El problema de «casandra»
Por lo que atañe a Casandra, el problema se muestra transparente, claro. Los sobrinos de doña Juana representan dos órdenes de actividad económica: agricultura e industria. Son laboriosos, inteligentes, cultos. Tienen ambiciones: hoy por hoy, la ambición es el estimulante del trabajo. Doña Juana encarna la vida contemplativa. He aquí el problema de los problemas. La vida contemplativa es el polo negativo, es la anulación de la especie, es reducir el universo a la incógnita de salvar la propia alma individual, es tomar la existencia terrenal como tránsito efímero y senda pedregosa que conduce a la inmarcesible ventura. La vida activa es el polo positivo, es la consagración del esfuerzo, es poner el último fin del perfeccionamiento individual en el perfeccionamiento y futuro bienestar de la especie, y es trasplantar los árboles que dan tibia sombra en los edenes del Eterno a los pegujares del hombre de buena voluntad que trabaja aquí abajo. ¿Que el agricultor y el industrial son codiciosos? Bien. ¿Hemos de amarles menos por eso? ¿No les basta, como títulos que reclaman nuestro amor, la voluntad de crear nuevos bienes? De otro lado, ¿que doña Juana es desprendida y es abnegada en cuanto se le toca a salvar su alma? Bien. ¿Hemos de amarla más por eso? ¿No es bastante, para que la repudiemos, el que nos induce a la negación de la vida?
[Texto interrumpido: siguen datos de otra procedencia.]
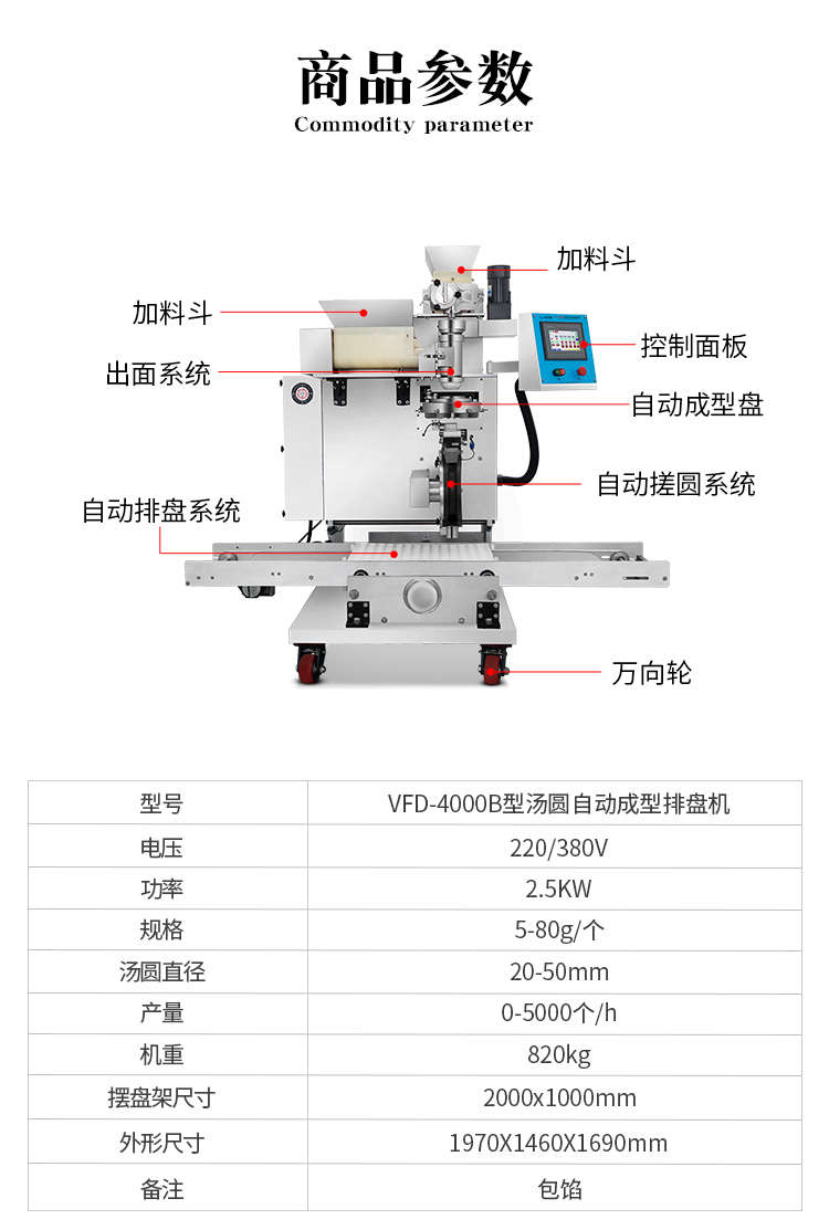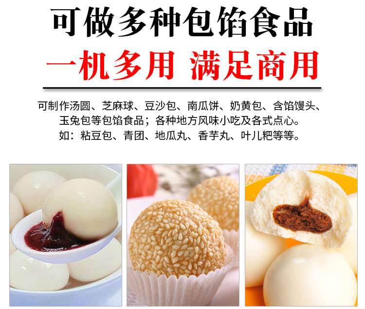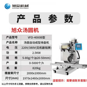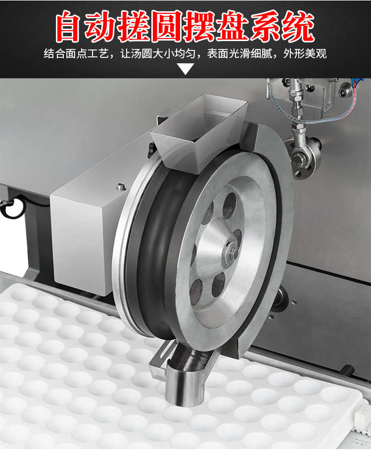 VFD-4000B湯圓機(jī),定量準(zhǔn)確自動搓圓排盤成型大小均勻口感柔滑。可制作各式包餡食品,如湯圓、芝麻球、豆沙包、南瓜餅、奶黃包等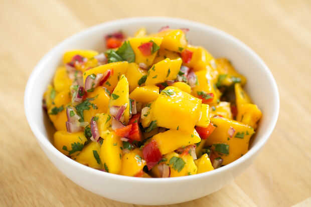 me encanta esta ensalada. He disfrutado de salsa de mango con pescado y pollo, pitas y tortilla chips, maridaje con cuscús israelí (perla) para una ensalada solo hace un maravilloso plato, una comida de almuerzo o una satisfacción de bocado, mañana o
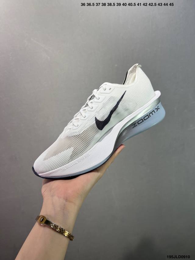 Corporate-level Nike Zoomx Vaporfly Next% 4 lightweight mesh breathable sneakers. This new generation of the most powerful running shoes has been comprehensively upgraded in both the upper and sole. The upper uses the new Vaporweave technology, a material similar to cicada wings. Item number: Hf6414-101. Sizes: 36-45. Code: 268Jld0910.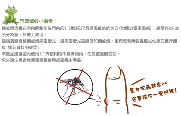 l 利用捕蟲燈管引誘蚊子、蒼蠅、飛蛾、果蠅、白蟻等昆蟲進入滅蚊器內,然後以直流電觸殺。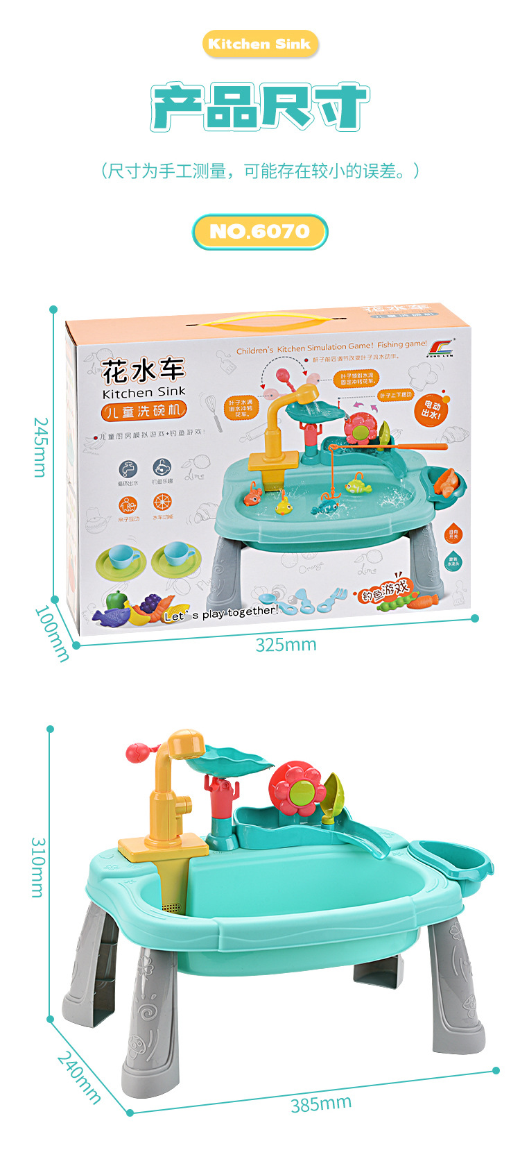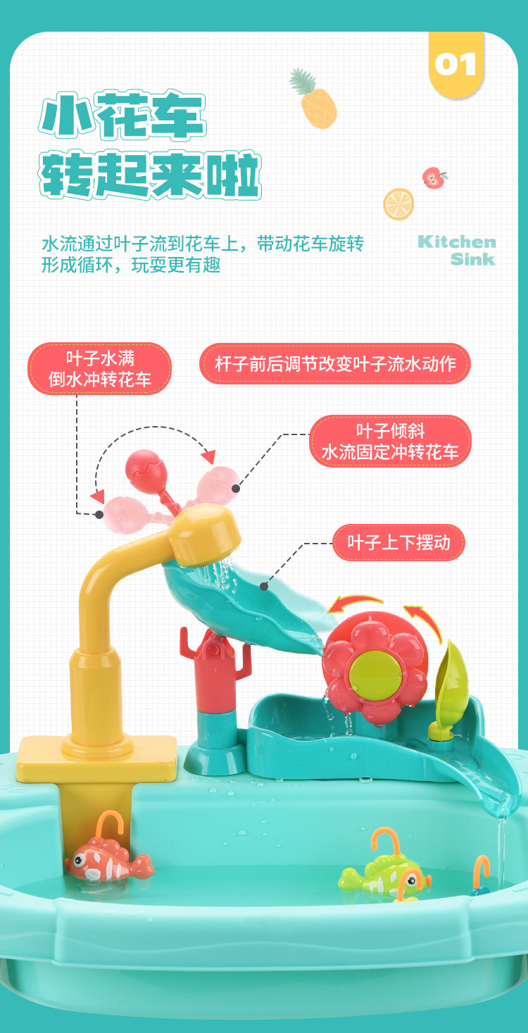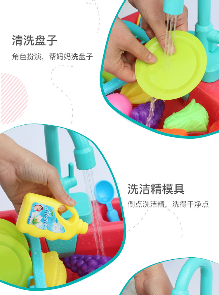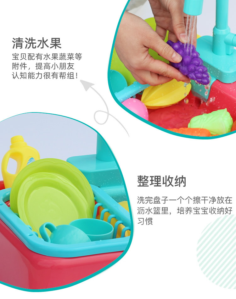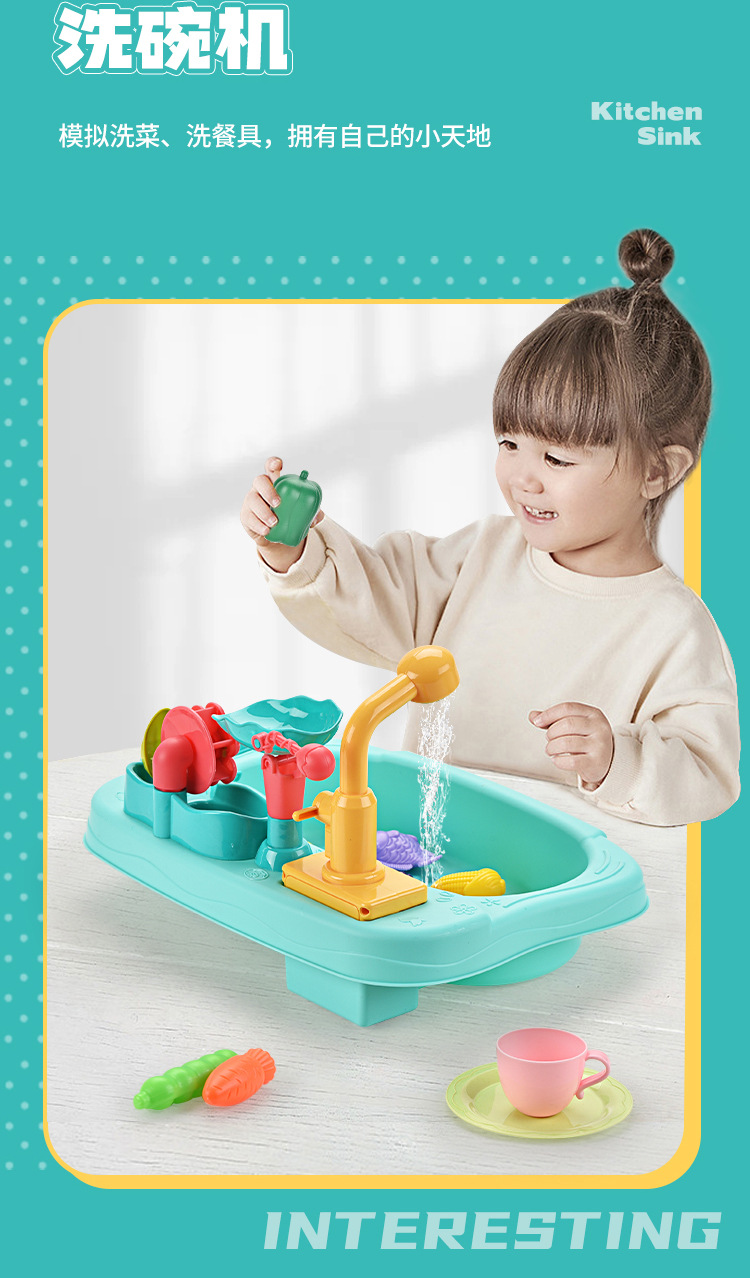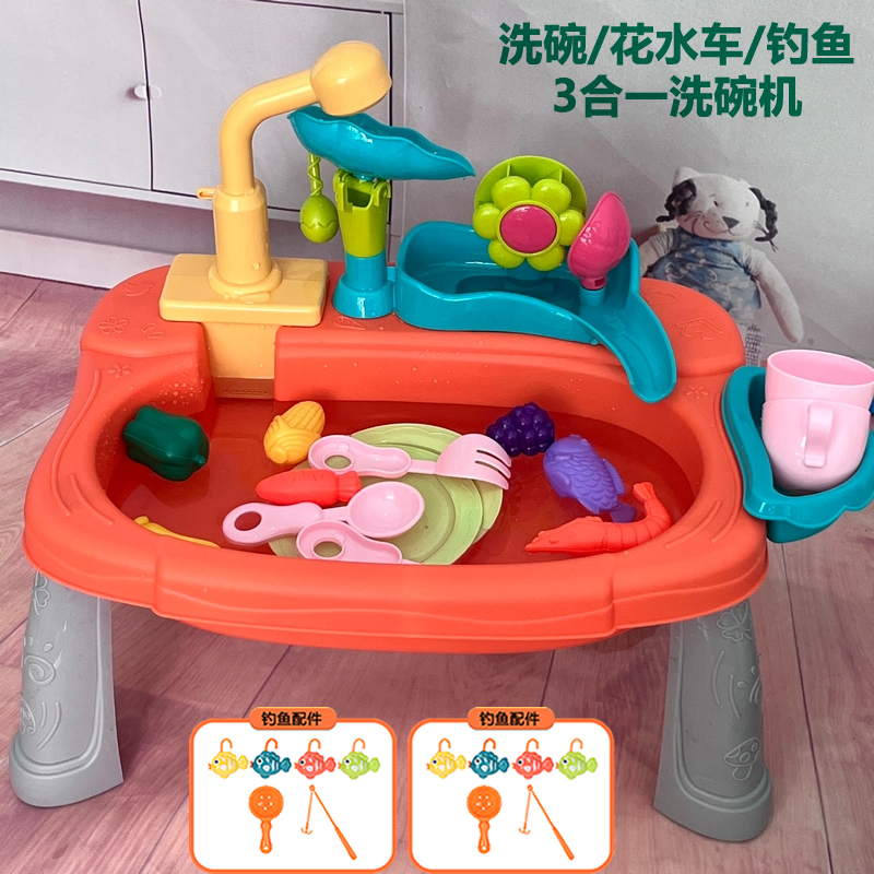 새로운 어린이 전기 식기 세척기 꽃 물 카트 세척 수영장 자동 순환 수도꼭지 아기 낚시 놀이 물스토어 가기

Claro que doña Juana se nos muestra con una perfección moral propia, si se la coteja con sus sobrinos. Pero es una perfección aparente tan sólo, y, desde luego, es una corrupción social y un morbo de tal índole que daría al traste muy presto con el organismo colectivo más recio. Imaginad una sociedad en donde todos los elementos capitalistas tengan los ojos en blanco por mantenerlos desleídos en el reino interior o en las sombras ultraterrenas. ¿Qué acontecería? Que la riqueza creada, sin cuyo amparo es punto menos que imposible crear otra nueva, afluiría a las manos tenebrosas de los gestores de la bienaventuranza, dejando huérfanas de toda protección a las actividades vitales, cuyo oriente es el mejoramiento humano. Agricultor e industrial, en el drama Casandra piensan en sus hijos, viéndose burlados y sin blanca por la doña Juana, la cual transmite su fortuna a ciertos ociosos institutos, compuestos por gente contemplativa. ¿Hemos de ser tan romos que entendamos los hijos de la carne? No: los hijos son los trabajadores, son los labradores, son la nación entera; son, en último extremo, los campos yermos y los talleres vacíos.